-- RECORD SET --
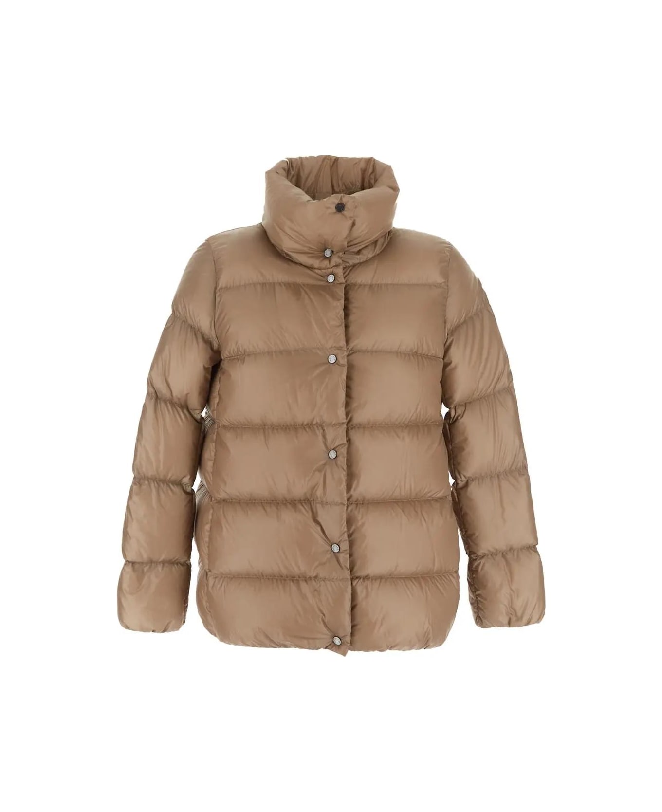 Moncler down jacket in beige polyamide with long sleeves. The item is featured by button closure, logo patch on shoulder and side zipped pockets.
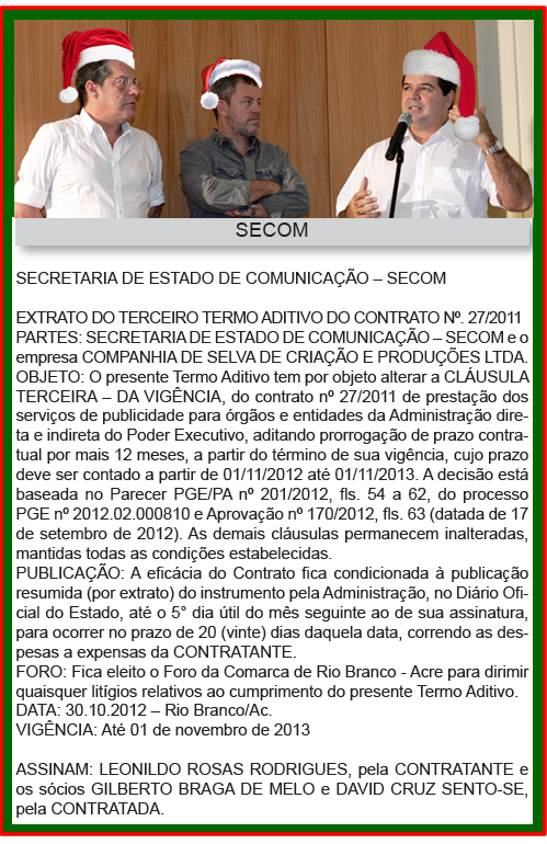 O prazo contratual estabelecido entre o governador Sebastião Viana e os marqueteiros Gilberto Braga e David Sento Sé tem validade até o dia 01 de novembro de 2013, segundo publicação no Diário Oficial do Estado, desta quarta-feira, 07.
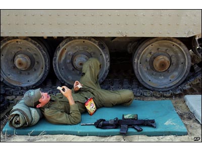 سرباز اسرائيلی در کنار تانک در نزديکی مرز اسرائيل با نوار غزه استراحت می کند. روز سه شنبه 11 ژوئيه پس از اينکه رهبران حماس اعلام کردند سرباز اسرائيلی که حدود 2 هفته پيش به اسارت حماس در آمد، آزاد نخواهد شد، رهبران اسرائيلی دستور حملات تازه ای را به روی نوار غزه صادر کردند
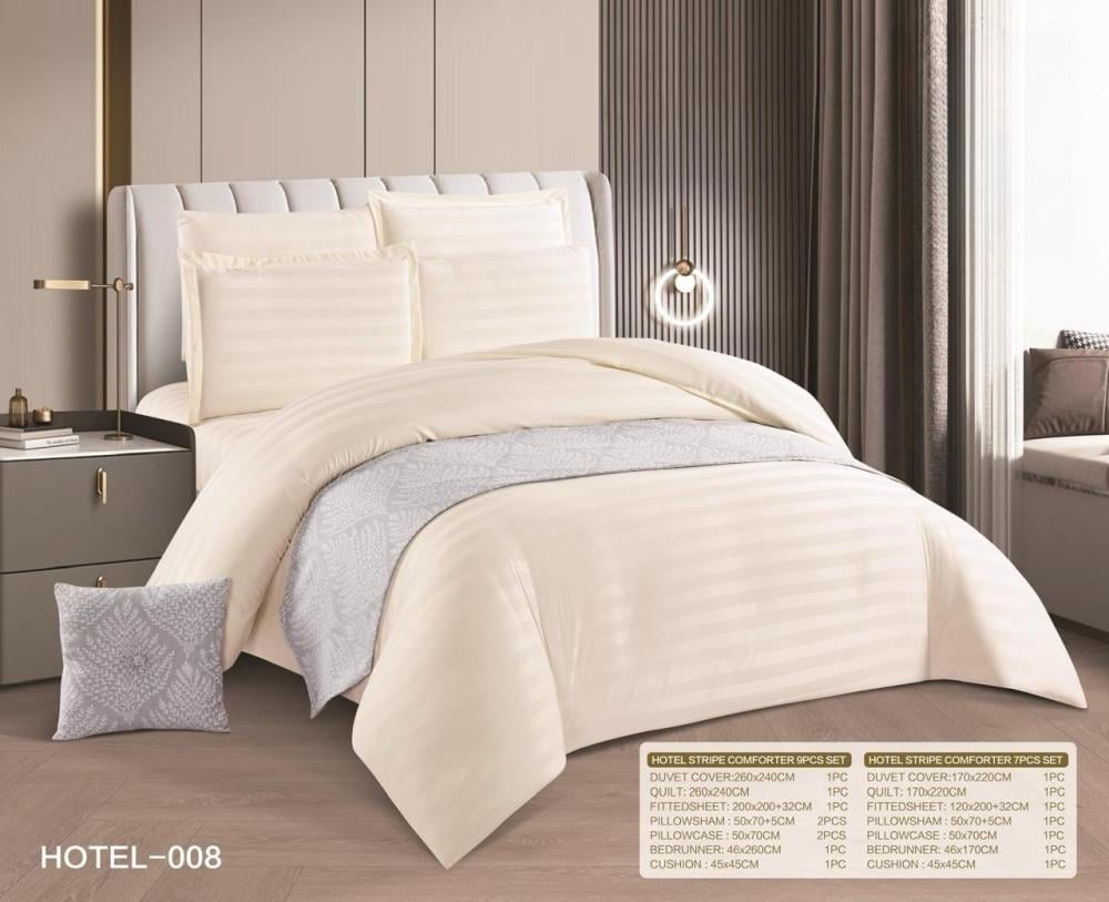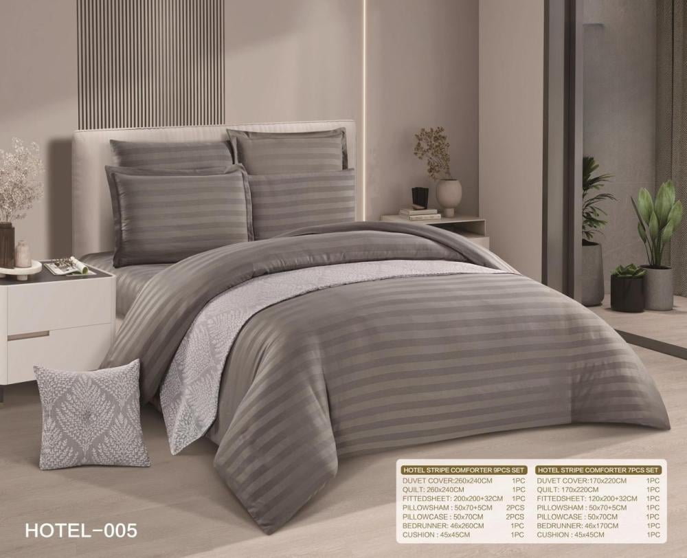 استمتع بتجربة نوم راقية مع طقم HOTEL NAJMA المصنوع بجودة عالية وخامة ثقيلة توفر الراحة والدفء، مع تصميم أنيق ونظام حشوة متحركة لسهولة العناية.
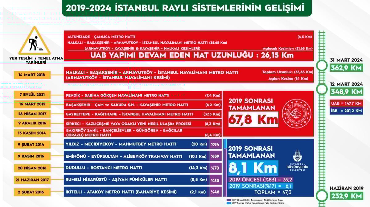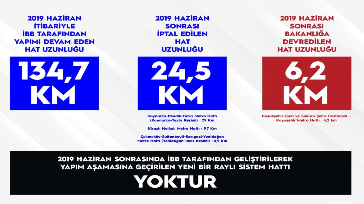 "2019 sonrasında İBB tarafından geliştirilerek yapım aşamasına geçirilen yeni bir raylı sistem hattı yoktur"

-- WORK INSTRUCTIONS --
Retype the material above exactly, images excluded.

-- EXPECTED OUTPUT --
 Moncler down jacket in beige polyamide with long sleeves. The item is featured by button closure, logo patch on shoulder and side zipped pockets.
 O prazo contratual estabelecido entre o governador Sebastião Viana e os marqueteiros Gilberto Braga e David Sento Sé tem validade até o dia 01 de novembro de 2013, segundo publicação no Diário Oficial do Estado, desta quarta-feira, 07.
 سرباز اسرائيلی در کنار تانک در نزديکی مرز اسرائيل با نوار غزه استراحت می کند. روز سه شنبه 11 ژوئيه پس از اينکه رهبران حماس اعلام کردند سرباز اسرائيلی که حدود 2 هفته پيش به اسارت حماس در آمد، آزاد نخواهد شد، رهبران اسرائيلی دستور حملات تازه ای را به روی نوار غزه صادر کردند
 استمتع بتجربة نوم راقية مع طقم HOTEL NAJMA المصنوع بجودة عالية وخامة ثقيلة توفر الراحة والدفء، مع تصميم أنيق ونظام حشوة متحركة لسهولة العناية.
 "2019 sonrasında İBB tarafından geliştirilerek yapım aşamasına geçirilen yeni bir raylı sistem hattı yoktur"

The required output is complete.